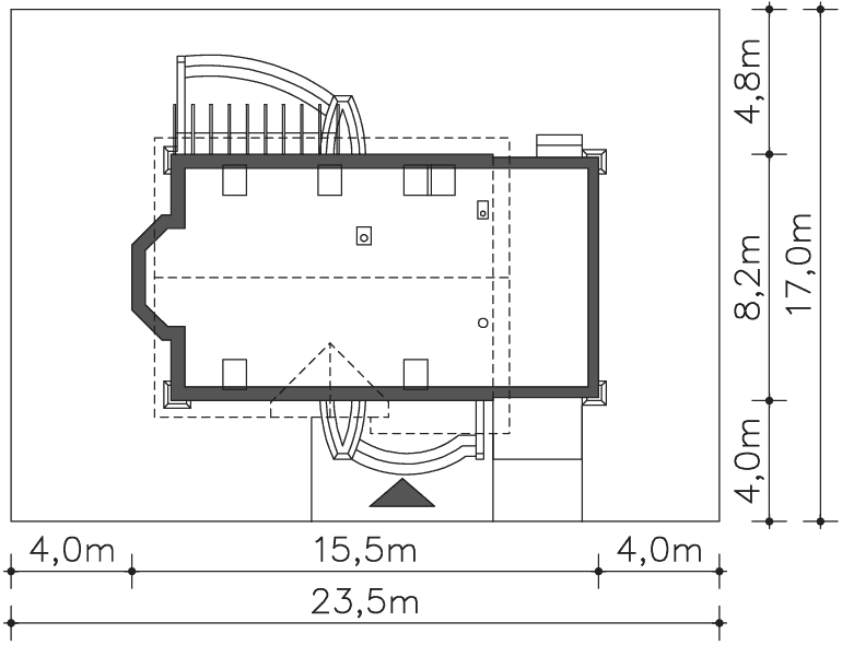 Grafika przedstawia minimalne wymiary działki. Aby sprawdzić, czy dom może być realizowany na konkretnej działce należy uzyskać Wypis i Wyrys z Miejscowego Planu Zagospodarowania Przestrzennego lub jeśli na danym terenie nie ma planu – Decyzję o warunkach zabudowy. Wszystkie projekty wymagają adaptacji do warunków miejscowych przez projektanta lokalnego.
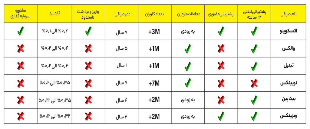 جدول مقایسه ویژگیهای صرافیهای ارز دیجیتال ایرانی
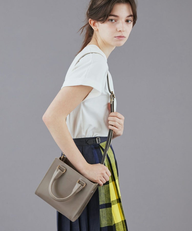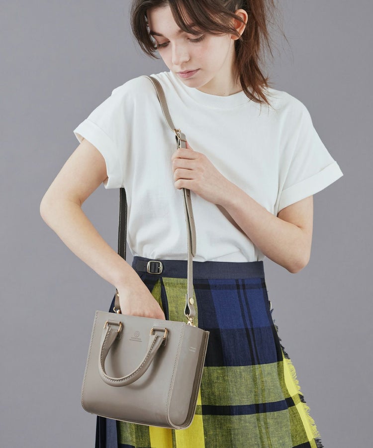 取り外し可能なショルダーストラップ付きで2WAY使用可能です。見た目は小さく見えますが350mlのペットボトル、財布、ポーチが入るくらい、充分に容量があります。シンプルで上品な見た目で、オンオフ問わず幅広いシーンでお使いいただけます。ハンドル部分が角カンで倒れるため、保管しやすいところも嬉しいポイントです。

▸ **Problem to solve**:
The whole listing above, word for word: repeat it with the pictures excluded.

▸ **Solution for this problem**:
 Grafika przedstawia minimalne wymiary działki. Aby sprawdzić, czy dom może być realizowany na konkretnej działce należy uzyskać Wypis i Wyrys z Miejscowego Planu Zagospodarowania Przestrzennego lub jeśli na danym terenie nie ma planu – Decyzję o warunkach zabudowy. Wszystkie projekty wymagają adaptacji do warunków miejscowych przez projektanta lokalnego.
 جدول مقایسه ویژگیهای صرافیهای ارز دیجیتال ایرانی
 取り外し可能なショルダーストラップ付きで2WAY使用可能です。見た目は小さく見えますが350mlのペットボトル、財布、ポーチが入るくらい、充分に容量があります。シンプルで上品な見た目で、オンオフ問わず幅広いシーンでお使いいただけます。ハンドル部分が角カンで倒れるため、保管しやすいところも嬉しいポイントです。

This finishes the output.